So far, almost all the code featured in my weekly Medium articles has been written in JavaScript. There are several reasons for this- JavaScript was the main language used for functional programming in my bootcamp, so I became well-acquainted with it on a daily basis. Another reason, just as important, is that Google’s DevTools make it very easy to run JavaScript code in the browser. I frequently create functions and variables and test out my code before pasting the snippets in my articles.

Yet another reason is that, frankly, JavaScript is a pretty darn simple language to use. It’s probably the simplest OOP language out there. The commands are self-descriptive. It’s very easy to handle data, as you don’t have to declare the data types of variables (unlike C, C++ and others), and you can easily manipulate arrays and objects without having to invoke dreaded (for non-CS major schlubs like me, at least) pointers. That makes it an ideal language for coding bootcamps; someone with no knowledge of coding can, after a few hours of tutorials, write functions with loops, conditional statements, maps… that actually do things! It don’t take no genius to program in JavaScript (or Python, Ruby, R…).

The same cannot be said for low-level Assembly languages. Honestly, I think you do have to be some sort of genius to program in Assembly.

According to Wikipedia…

Kathleen Booth “is credited with inventing assembly language” based on theoretical work she began in 1947, while working on the ARC2 at Birkbeck, University of London following consultation by Andrew Booth (later her husband) with mathematician John von Neumann and physicist Herman Goldstine at the Institute for Advanced Study.

Yep, John von Neumann, a popular candidate for the Most Brilliant Human Being in the History of the World award- i.e. a bona fide genius. When Johnny V is involved, you know you’re dealing with some heady stuff!

Here’s an example of Assembly, used by the mid 1970s Motorola 6800 microprocessor:

; memcpy --
; Copy a block of memory from one location to another.
; Called as a subroutine, note return to saved PC addr on exit
; Entry parameters
; cnt - Number of bytes to copy
; src - Address of source data block
; dst - Address of target data block

cnt dw $0000 ; sets aside space for memory addr
src dw $0000 ; sets aside space for memory addr
dst dw $0000 ; sets aside space for memory addr

memcpy public
ldab cnt+1 ;Set B = cnt.L
beq check ;If cnt.L=0, goto check
loop ldx src ;Set IX = src
lda ix ;Load A from (src)
inx ;Set src = src+1
stx src
ldx dst ;Set IX = dst
sta ix ;Store A to (dst)
inx ;Set dst = dst+1
stx dst
decb ;Decr B
bne loop ;Repeat the loop
stab cnt+1 ;Set cnt.L = 0
check tst cnt+0 ;If cnt.H=0,
beq done ;Then quit
dec cnt+0 ;Decr cnt.H
; loop back and do 256*(cnt.H+1) more copies (B=0)
bra loop ;Repeat the loop
done rts ;Return

Apparently this a subroutine takes a block of memory from one place to another. Without the helpful comments, I would have guessed that this was the output of one of the million monkeys and their millions of typewriters trying to recreate Shakespeare. If I were to recreate this in JavaScript, it might look something like this… apologies in advance for the incomprehensibility, but I can barely understand this code myself!

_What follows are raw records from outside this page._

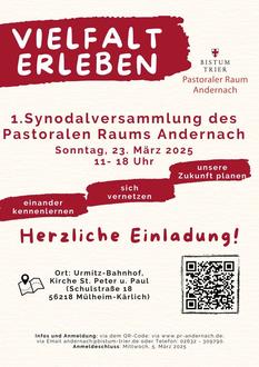 Um die Interessen jedes einzelnen Gläubigen aus diesem großen Raum zu erreichen und Einfluss auf die Arbeit bzw. Ausrichtung des Pastoralen Raumes zu haben gibt es zukünftig jährlich eine Synodalversammlung. Hierzu ist jeder eingeladen der sich mit einbringen möchte.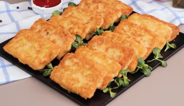 Pomešajte rendani krompir sa mlevenim mesom, kao i rendanim sirom. Rendani krompir dobro procedite pre nego što dodate u mleveno meso. Posolite i pobiberite, pa sve lepo sjedinite rukama. Stavite smesu u kese za zamrzivač, pa dobro zatvorite i stavite u zamrzivač. Isecite na pravougaonike, pa uvaljajte u umućena jaja, a zatim i u prezle. Pržite u tiganju u kojem ste zagrejali ulje.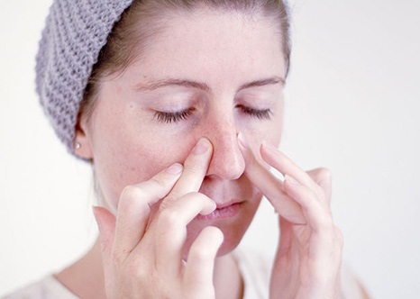 - Bước 2: Dùng ngón tay xoa bóp nhẹ nhàng dọc theo sống mũi và cánh mũi, giữ như vậy khoảng 20 giây rồi thả ra.

function memcpy(cnt, src, dst) {
let B = cnt.L;
while (true) {
let ix = src;
src++;
ix = dst;
A = dst;
dst++;
B--;
if (cnt.L===0) {
if (cnt.H===0) return;
cnt.H--;
}
}
return;
}

Apparently this loop is performed 256*(cnt.H+1) times. 256 = 2⁸ = number of possible values of one byte, right? Who even knows.

Although this example was totally incoherent, here’s one more example of Assembly code that’s a bit easier to follow and whose output (the string “Hello, world!”) is far more sensible. Thanks to TutorialsPoint.com for this snippet:

section .text
global _start ;must be declared for using gcc
_start: ;tell linker entry point
mov edx, len ;message length
mov ecx, msg ;message to write
mov ebx, 1 ;file descriptor (stdout)
mov eax, 4 ;system call number (sys_write)
int 0x80 ;call kernel
mov eax, 1 ;system call number (sys_exit)
int 0x80 ;call kernel
section .datamsg db 'Hello, world!',0xa ;our dear string
len equ $ - msg ;length of our dear string

So basically, the program takes the length of the message (len), the message itself (msg), several “system call numbers” and then loops through and prints each character of the message, with the length of the loop being equal to the message length, as specified with len.

Conclusion

I hope you enjoyed this brief foray into Assembly programming. As befits a low-level language, the keywords are much less intuitive than for higher-level languages. Whereas you can glance at a JS, C++, Java or Python snippet and more or less follow what’s going on, Assembly is utterly bewildering even with line-by-line comments. Thanks to all the brilliant mathematicians, physicist and computer scientists who have made programming far more accessible and user-friendly over the years. Cheers to the geniuses!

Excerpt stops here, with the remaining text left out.